Late last year, the convergence of Amazon, Apple, Google, Samsung, and Zigbee on Matter got my attention. When I reached out to the Candlestick team with feedback on broken links, they told me Candlestick 2.0 beta was coming soon and it would be focused on Zigbee devices. I now think of Zigbee much like Bluetooth, but operating over WiFi bands. Note that newer Zigbee devices can communicate over WiFi (I have yet to see one that combines Zigbee and WiFi options, usually they are different models) and I pragmatically wanted to avoid WiFi in my devices (for potential leakage, contention, power consumption, and control), so be sure to choose appropriately.
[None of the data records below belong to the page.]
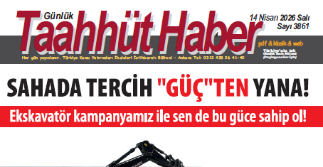 14 Nisan 2026 Salı tarih ve 3861 sayılı Taahhüt Haber’in bu günkü nüshasının bire bir kopyası PDF formatındaki baskısı ektedir. Taahhüt Haber PDF’yi bilgisayarınızın ekranından inceleyebileceğiniz gibi, yazıcınızdan bastırmak suretiyle de okuyabilirsiniz…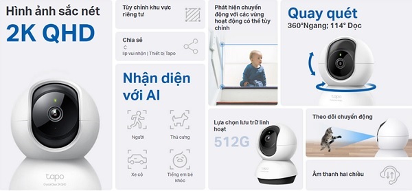 Ngoài ra, thiết bị có khả năng lưu trữ dữ liệu lớn với thẻ nhớ MicroSD đến 512GB, hỗ trợ phát hiện chuyển động nhanh cũng như quản lý thuận tiện thông qua ứng dụng Tapo một cách dễ dàng.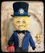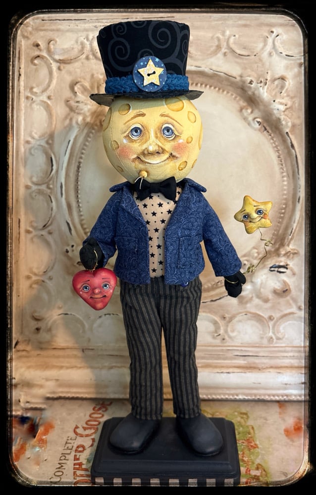 Miles the moon man is 15 inches tall and created from fabrics with a hand painted head. He permanently stands on a wooden stand.

On my third install attempt, after a hard reboot, the Candlestick finally worked with a web console on a DHCP address.

  • The boot up display shows nothing over HDMI, there is no WiFi network, and it doesn’t show up on the .local network. This makes it hard to troubleshoot, but I’ve since found out that this was by design. Update 2022-08 This has been fixed in Candlestick 2.0-RC2.
  • My second install attempt did show up in DHCP as host candlestick and responded to ping, but I couldn’t connect via DHCP over ethernet even after waiting for 10 minutes before connecting. I have since found success by waiting ten minutes and then power cycling the Pi. Update 2022-08 This has been fixed in Candlestick 2.0-RC2.

It was very simple to pair two TuYa temperature and humidity sensors with a display over Zigbee with a USB Sonoff adapter in Candlestick, then create graphs for some of their metrics, making me very happy within ten minutes of first touching the web console!

candlestick-metrics

I’m exploring the SSH and MQTT interfaces, chatting with the maintainers, and submitting project issues now.

zigbee-network

I’m very excited by this recipe of ingredients:

  • Hardware: Raspberry Pi 4b - 2GB RAM
    • Sonoff USB Zigbee adapter
      • Tuya Temperature and Humidity Zigbee-enabled sensors
      • a few power switches to replace my X-10 experiments (working towards power monitoring switches next so I can replace my Kill-A-Watt)
  • Software: Candlestick 2.x distro, which repackages:
    • WebThings.io distro, which repackages:
      • Raspbian (Linux Debian variant for ARM+Pi)

There are so many next steps on this private cloud IoT to make it grow from a bespoke pet to a maintainable, reproducable, and cattle-like system. I’m recasting this Candlestick experimental work into a homelab git repo that I will share, refactored from Learning AlpineLinux.org, Ansible.com, and Packer.io.

But most importantly, my goal is to make this project easily consumable in an unobtrusive manner to answer the age-old morning question, “What’s the Temperature?” One possible answer may be https://magicmirror.builders, but of course Candlestick already has a web interface on our intranet.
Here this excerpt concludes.